Data excerpt
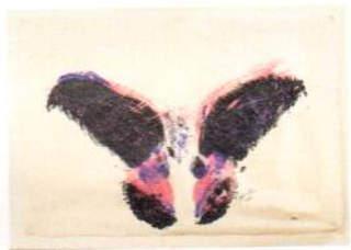
Above: A model of the Aspen Art Museum; a 1960 piece by Yves Klein in the opening show.
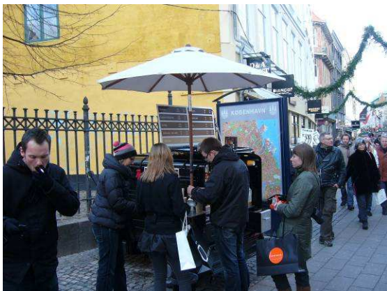
A car that is fitted up as a coffee machine
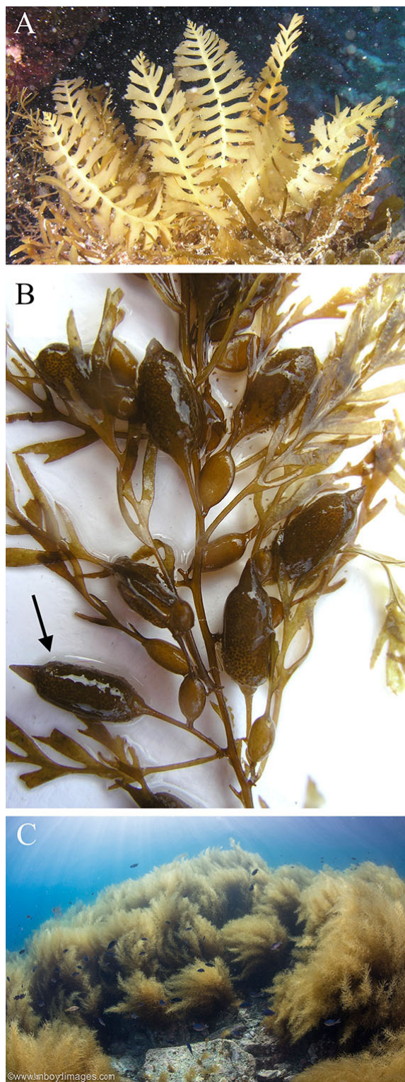
Figure 1. Sargassum horneri morphology and life cycle. (A) Recruit, (B) Mature thallus with reproductive receptacles indicated by arrow, (C) Thick canopy on a shallow reef.

coast of North America, where it has spread rapidly since it was first detected in Long Beach Harbor, California, USA, in 2003 (Miller et al. 2007). We also discuss potential factors influencing the spread of this species and the implications of its invasion to native ecosystems.

How to complete this task
The line containing "Figure 1. Sargassum" marks the end: transcribe every line from the start of the listing up to and including it, minus the pictures.

Response area
Above: A model of the Aspen Art Museum; a 1960 piece by Yves Klein in the opening show.
A car that is fitted up as a coffee machine
Figure 1. Sargassum horneri morphology and life cycle. (A) Recruit, (B) Mature thallus with reproductive receptacles indicated by arrow, (C) Thick canopy on a shallow reef.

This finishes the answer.